Le plafonnement empêche les loyers de suivre l’évolution du marché locatif

Paris n’est pas la France : moins connue mais bien plus insidieuse est la mécanique du plafonnement des loyers. Ce dispositif a été initié par la loi Alur de mars 2014. Il consiste à limiter l’augmentation de loyer appliquée à un logement suite au départ d’un locataire. En d’autres termes, le bailleur n’a pas la faculté de rattraper les prix du marché au moment du changement du locataire, ce qui peut conduire à une dérive dans le temps, le loyer effectif divergeant de la valeur locative sans qu’il soit possible – a priori – d’agir. La loi de 1948 est de retour…

De plus, cette réglementation s’applique à tous les logements situés en zone dite « tendue », un très large ensemble de 28 agglomérations de plus de 50 000 habitants disséminées sur le territoire. L’impact en est donc renforcé.

Pour être plus précis, le plafonnement s’applique au renouvellement d’un bail ou à la remise en location.

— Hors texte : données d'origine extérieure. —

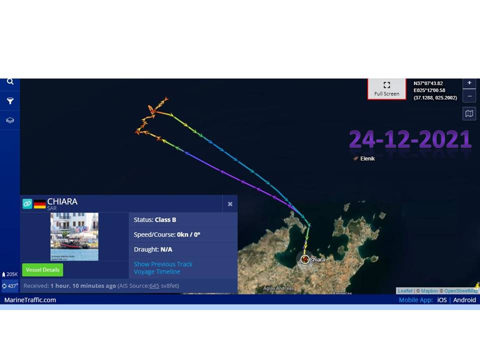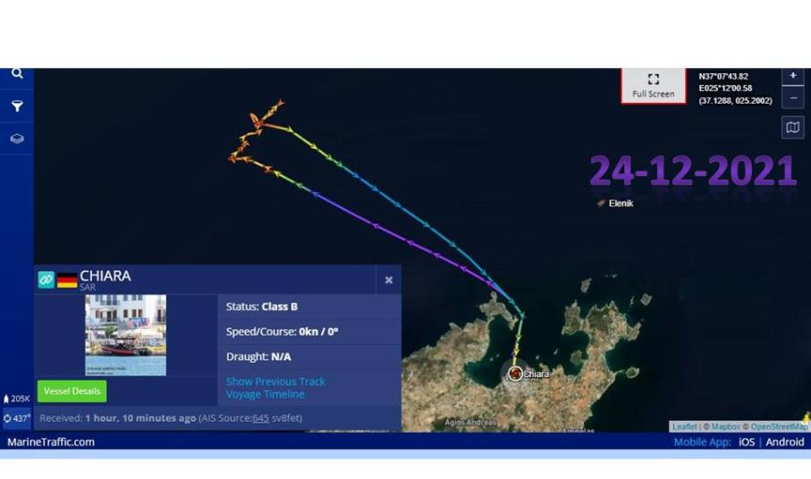 Μετά από κλήση του Λιμεναρχείου Πάρου, αργά το απόγευμα της παραμονής των Χριστουγέννων, Παρασκευής 24-12-2021, το Διασωστικό σκάφος της ΕΟΔ Κυκλάδων, CHIARA, με 5μελές πλήρωμα, έσπευσε σε περιοχή ναυαγίου, 5 ν.μ. Β-ΒΔ του ακρωτηρίου Κόρακας.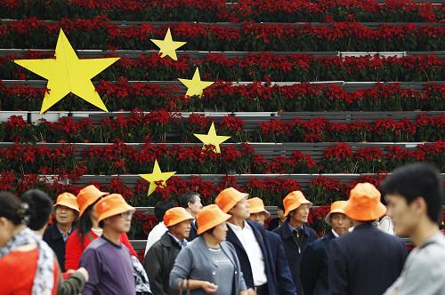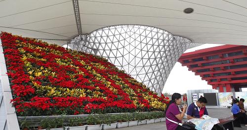 9月29日,游客在世博軸上一處“國(guó)慶”字樣的花壇旁小憩。新華社記者 裴鑫 攝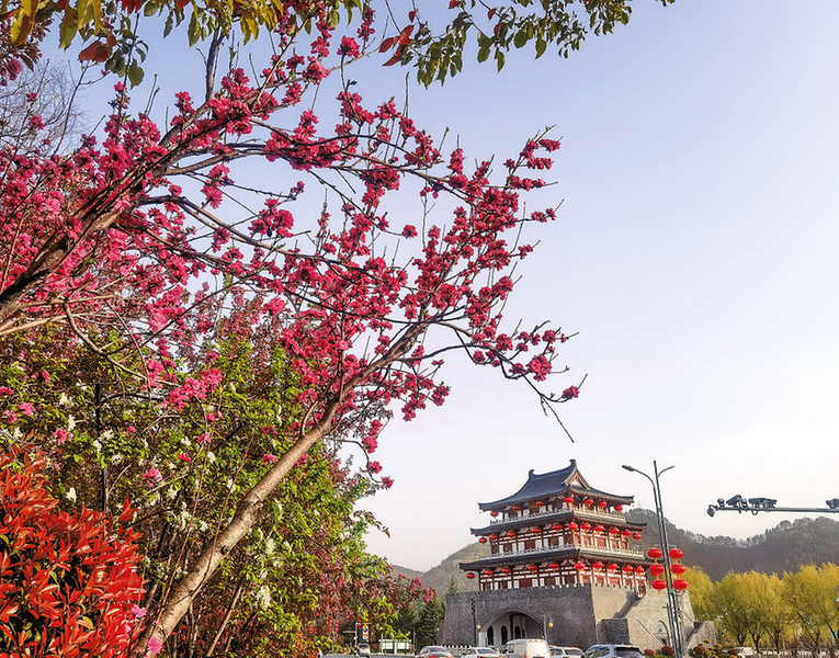 春花掩映下的商洛中心城区一景。春风执笔,饱蘸丹青,在秦岭深处轻轻一挥,商洛主城区便从冬日的沉静中醒来。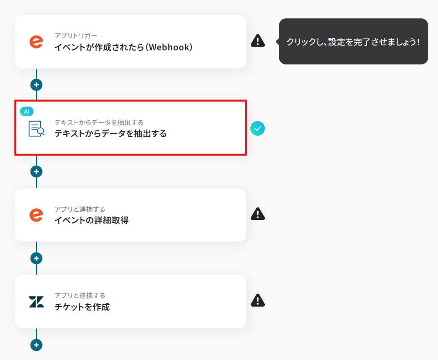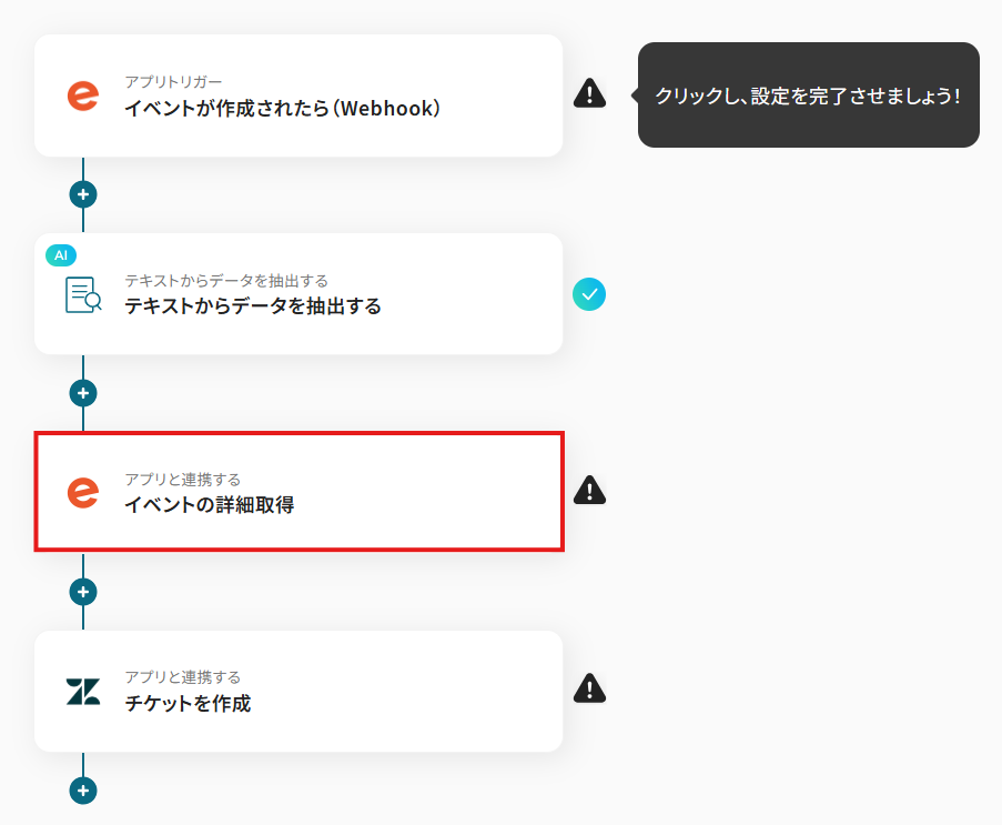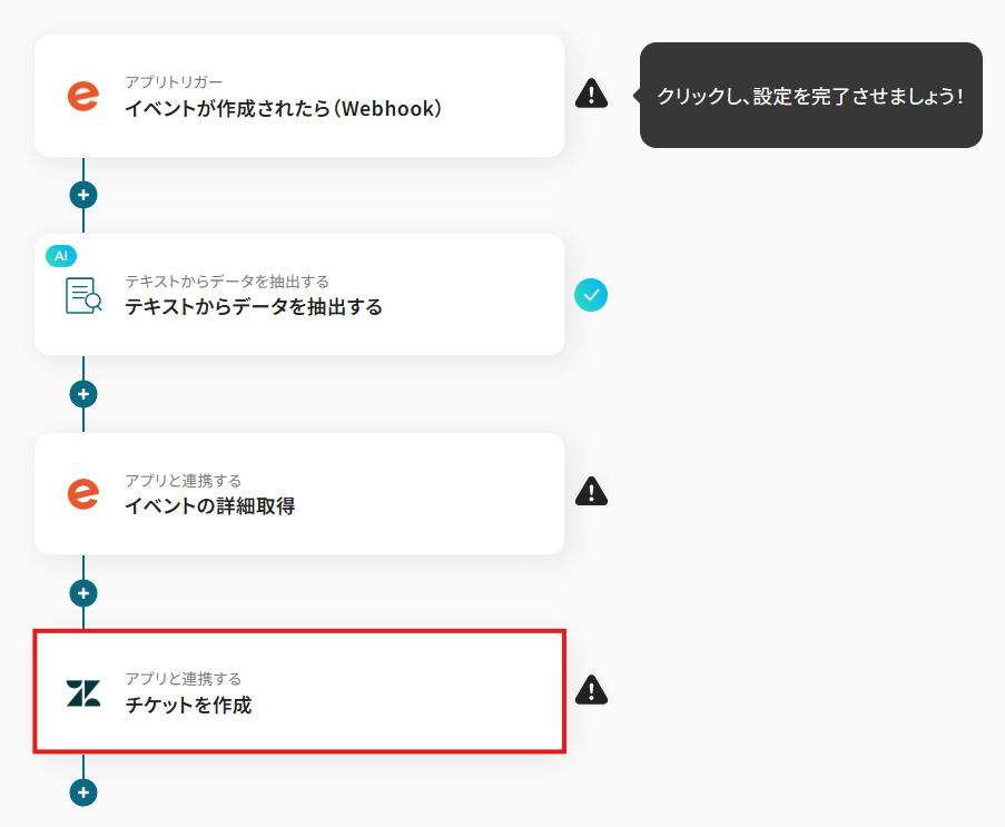 例えば、イベント名に「セミナー」というキーワードが含まれている場合のみチケットを作成するといった条件分岐を設定できるため、サポートチームが対応すべき重要なイベント情報だけを自動で共有でき、チケット管理の効率化に繋がります。

Dans ce cas, le nouveau loyer est égal à celui du précédent bail indexé selon l’indice de référence des loyers (IRL) et ce, uniquement s’il n’y a pas eu d’indexation effectuée durant les 12 derniers mois. Il est cependant possible de sortir du plafonnement si le logement n’a pas été occupé par un locataire pendant plus de 18 mois ou si le bailleur est amené à réaliser des travaux d’amélioration ou de mise en conformité avec les caractéristiques de décence. Dans ce dernier cas, la hausse appliquée est de 15 % si le coût des travaux représentait entre six mois et un an de loyers. Lorsque les travaux dépassent en coût l’équivalent d’un an de location, le loyer peut être réévalué librement.

Une gestion fine des actifs permet de limiter l’impact du plafonnement

Pour revenir à notre asset manager et au gestionnaire locatif avec qui il travaille, le plafonnement est un vrai sujet. Il est un piège dans lequel il ne faut pas tomber lorsque l’on étudie un immeuble au moment de son acquisition : si vos loyers semblent manifestement sous-évalués par rapport à la valeur locative, le rattrapage ne se fera pas du jour au lendemain, ce qui d’ailleurs a tendance à favoriser les investisseurs long terme au détriment des marchands de biens. La réglementation pousse les propriétaires à réaliser des travaux de rénovation aux changements de locataires pour profiter de la faculté qui leur est donnée de déplafonner les loyers. Le processus, pour permettre à un immeuble de rattraper son marché, peut donc prendre des années, au gré des changements de locataires.

Pour autant, cette réglementation représente-t-elle un surcoût pour les investisseurs ? Dans la réalité, les baux concernés sont plutôt les plus anciens et, par conséquence, ceux où le logement nécessite des travaux de remise en état plus lourds que s’il s’agissait du départ d’un locataire récent. Lorsqu’un locataire est en place depuis longtemps, son niveau de loyer est faible, et il y aura aussi plus de chance qu’il faille faire des travaux d’amélioration suite à son départ. En d’autres termes, les investissements en travaux auraient de toute façon dû être réalisés : l’impact sur le business plan est donc pratiquement neutre. Il faut être patient, c’est tout.

Comme souvent lorsqu’il s’agit de logement, les effets d’annonce cachent une réalité plus subtile. Le fatras réglementaire, l’empilement des dispositifs législatifs n’empêchent pas le marché de fonctionner ; ils obligent ceux qui gèrent à plus d’attention pour que leurs prévisions reflètent la réalité du marché.